7. Cybersecurity Spending Statistics

  • Security services are expected to account for 50% of cybersecurity budgets in 2020 (Gartner)
  • The average cost of a data breach is $3.9 million (IBM)
  • The average cost in time of a malware attack is 50 days (Accenture)
  • By 2021 it’s estimated that damage relating to cybercrime will hit $6 trillion annually (Cybersecurity Ventures)
  • 50% of businesses with 10,000 or more employees are spending at least $1 million annually on security (CISCO)

8. Malware Statistics

  • 64% of organizations in 2018 experienced malware activity that spread from one employee to another, rising to 71% in 2019 (Mimecast)
  • 63% of organizations in the UAE have suffered from a ransomware attack (Mimecast)
  • 62% of cybersecurity professionals believe their organization’s cybersecurity team is understaffed (ISACA)
  • Since 2007, the number of malware websites has declined, however, phishing websites are on the rise (Google)
  • PayPal is one of the most commonly mimicked websites (Comparitech)
  • In China, 3% of scanned websites host malware (Google)
  • Malware variants are decreasing year-on-year (Sonic Wall)
  • Around 4,800 websites were compromised due to form jacking code each month in 2018 (Symantec)

9. WordPress Security Plugins

Whilst these statistics are quite haunting, there are steps you can take to protect your website from potential security threats.

If you’re unsure whether you need a WordPress security question, it’s worth remembering that the average website gets attacked 44 times every day. Although not all of these attacks will be successful, if one slips through the net, your business could be in serious jeopardy.

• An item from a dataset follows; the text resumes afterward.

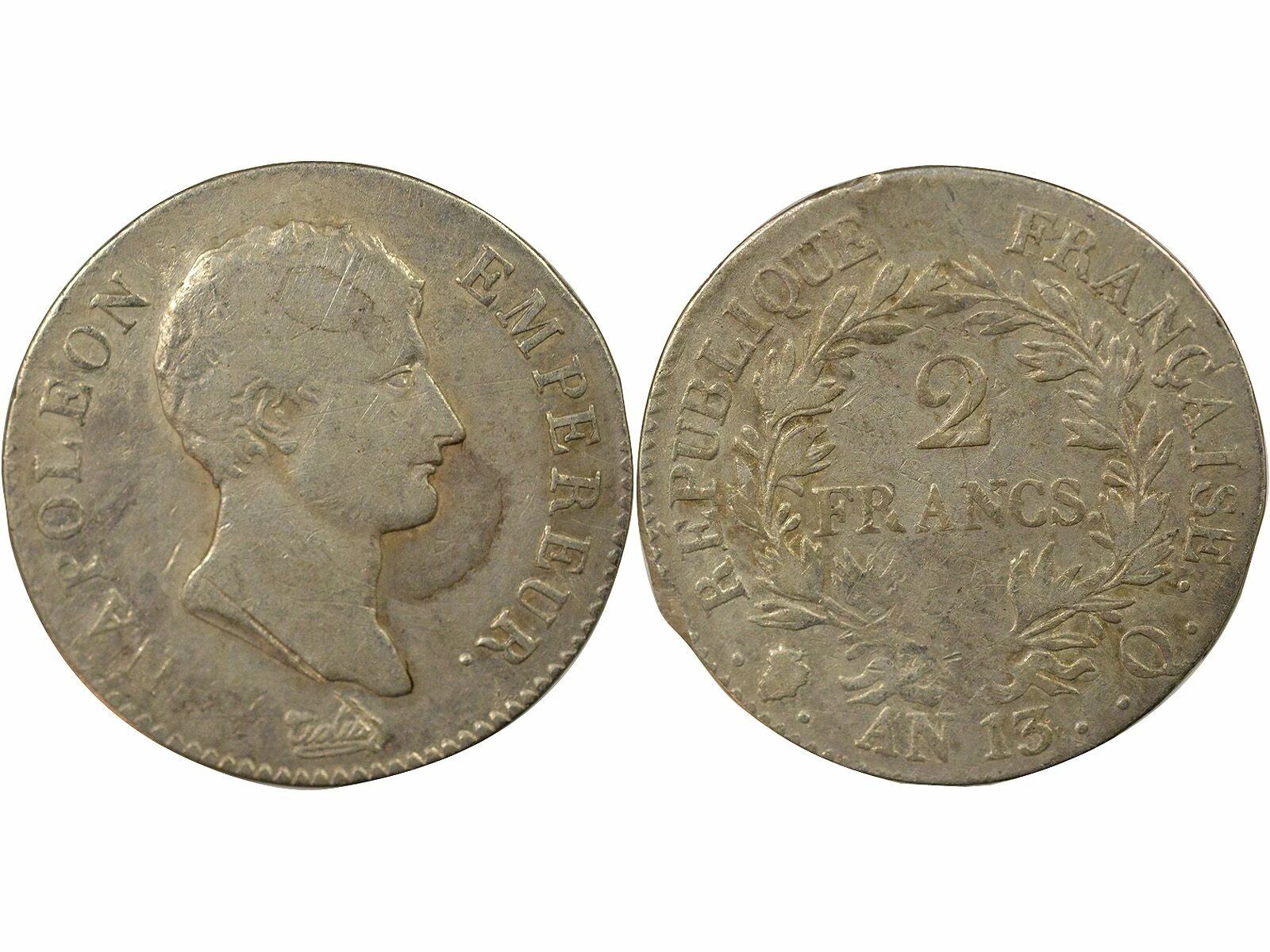 Coin France Napoleon I - 2 Silver Francs, Revolutionary Cal. - Year 13 Q Perpignan

Here are some of my favorite WordPress security plugins to protect your website, your business, and your customers:

10. Wordfence


Wordfence comes equipped with an endpoint firewall and malware scanner to protect WordPress websites. Endpoint firewalls provide better protection in comparison to cloud solutions, leveraging user identity in over 85% of firewall rules. In the last 30 days alone, Wordfence has blocked almost 4 billion attacks and 180,000+ malicious IPs have been blacklisted.

11. ManageWP


ManageWP helps to automate your workflow by adding websites, passwords, etc. from one easy-to-use dashboard. You can add unlimited websites and 1-click update plugins, themes, and WP core updates. ManageWP will notify you if any of your plugins are vulnerable so you can update or deactivate them where appropriate.

12. Defender Pro


Defender Pro performs regular security scans and vulnerability reports. It protects your website from hackers, brute force attacks, and malicious bots. You can try Defender Pro for free for 7 days and take your first steps to defend your WordPress website against cybersecurity attacks.

13. iThemes Security

iThemes Security offers over 30 ways in which you can protect your WordPress website from hacks and malicious attacks. iThemes has almost 1 million active installations, helping you to fix common problems and automated attacks through WordPress.

14. Jetpack

Jetpack is a must-have WordPress security plugin. It protects your website against brute force attacks, spam, and takes backups of your entire site. As well as offering protection against attacks, Jetpack comes loaded with performance-boosting tools to help your site run at the speed of light.

15. Change wp-admin login

The default login URL is /wp-admin which can easily be intercepted by hackers. Change wp-admin login changes the URL used to login to your WordPress website without altering or renaming files in the core directories.